▶ [Dataset extract]
>>>>>

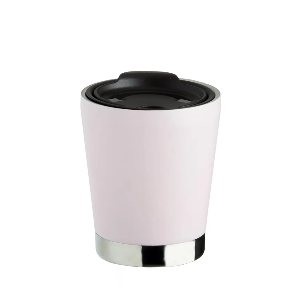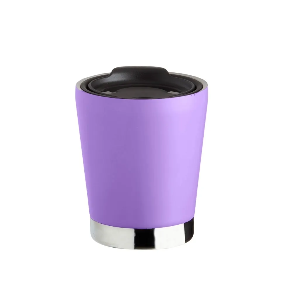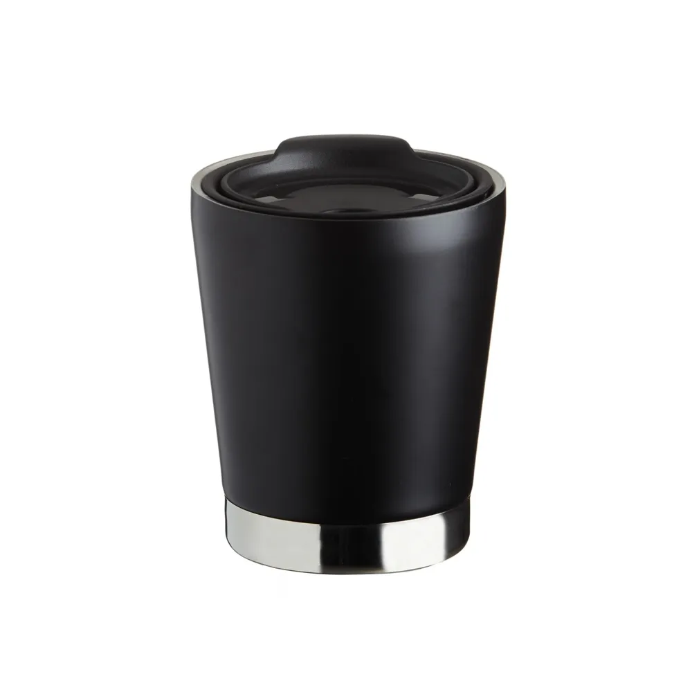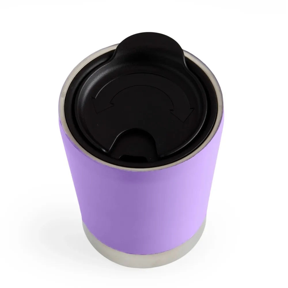 Copo isotérmico em inox 304 parede dupla com capacidade de 300ml, possui tampa plástica de encaixe com acesso ao bocal e área para canudo (não acompanha).
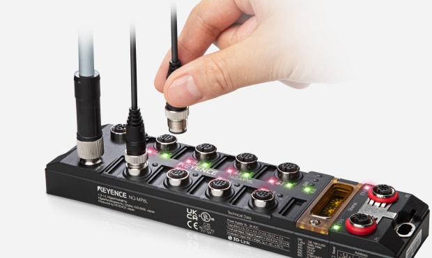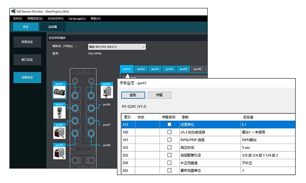 NQ 系列網(wǎng)路通訊模組做為IO-Link主站,大幅簡(jiǎn)化感測(cè)器的連接方式。透過(guò)M12連接器輕鬆連接支援IO-Link設(shè)備,大幅削減啟動(dòng)時(shí)間。此外,NQ Sensor Monitor(專用軟體)連接KEYENCE產(chǎn)品後會(huì)自動(dòng)辨識(shí),誰(shuí)都能輕鬆進(jìn)行感測(cè)器的參數(shù)設(shè)定等操作。當(dāng)然,也支援所有支援IO-Link的設(shè)備。
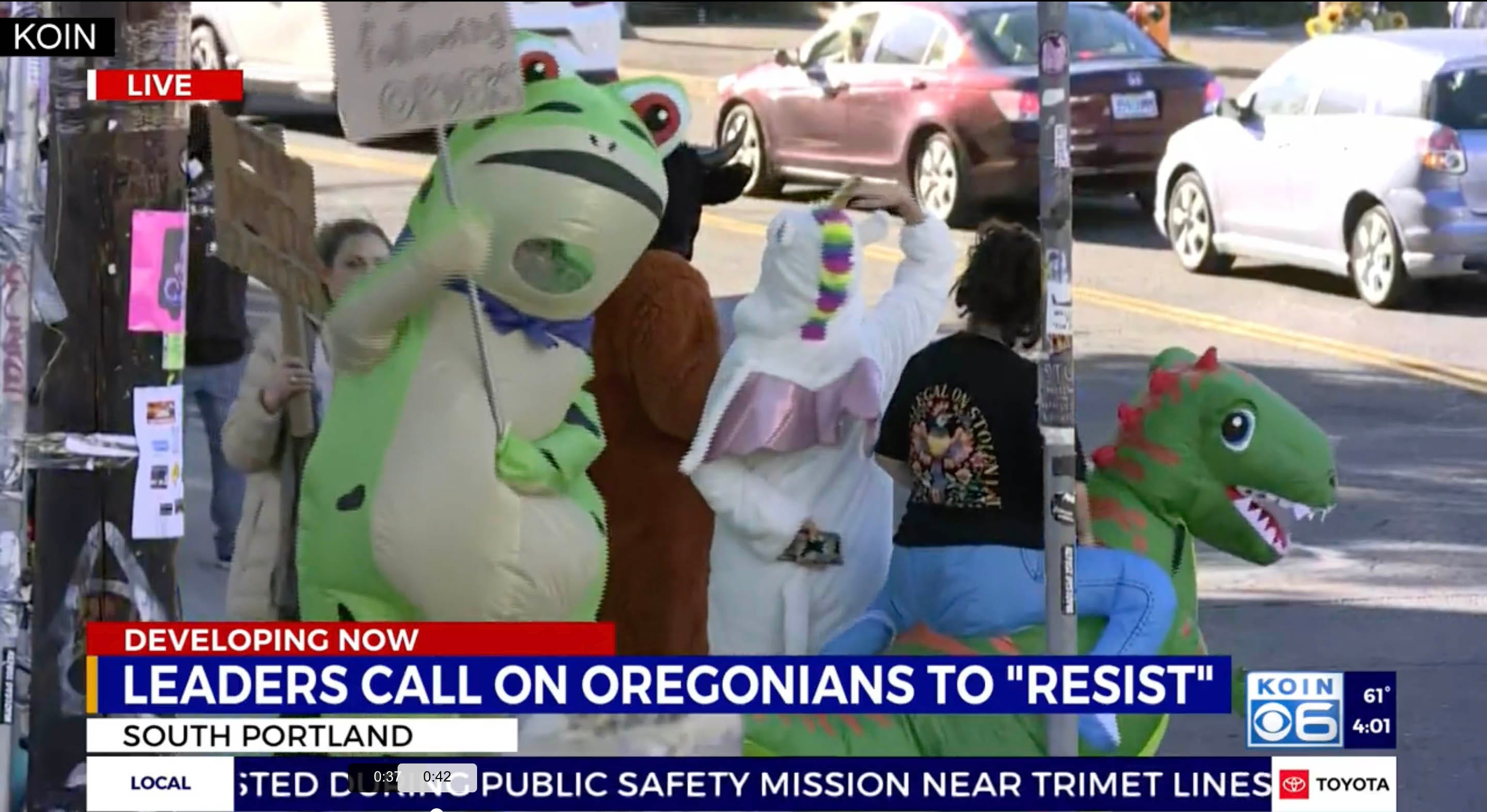 As Doddering Donnie drones on about the war zone that is Portland, Ore.—at this point I’m convinced someone is showing him either AI videos or videos of another city entirely—a growing group of people in inflatable animal costumes is making a mockery of Trump’s lies and the cosplaying goons at the city’s Immigration and Customs Enforcement facility.

<<<<<

▶ [Task to complete] Each line above gets copied exactly; leave the pictures out.

▶ [Answer for the task]
 Copo isotérmico em inox 304 parede dupla com capacidade de 300ml, possui tampa plástica de encaixe com acesso ao bocal e área para canudo (não acompanha).
 NQ 系列網(wǎng)路通訊模組做為IO-Link主站,大幅簡(jiǎn)化感測(cè)器的連接方式。透過(guò)M12連接器輕鬆連接支援IO-Link設(shè)備,大幅削減啟動(dòng)時(shí)間。此外,NQ Sensor Monitor(專用軟體)連接KEYENCE產(chǎn)品後會(huì)自動(dòng)辨識(shí),誰(shuí)都能輕鬆進(jìn)行感測(cè)器的參數(shù)設(shè)定等操作。當(dāng)然,也支援所有支援IO-Link的設(shè)備。
 As Doddering Donnie drones on about the war zone that is Portland, Ore.—at this point I’m convinced someone is showing him either AI videos or videos of another city entirely—a growing group of people in inflatable animal costumes is making a mockery of Trump’s lies and the cosplaying goons at the city’s Immigration and Customs Enforcement facility.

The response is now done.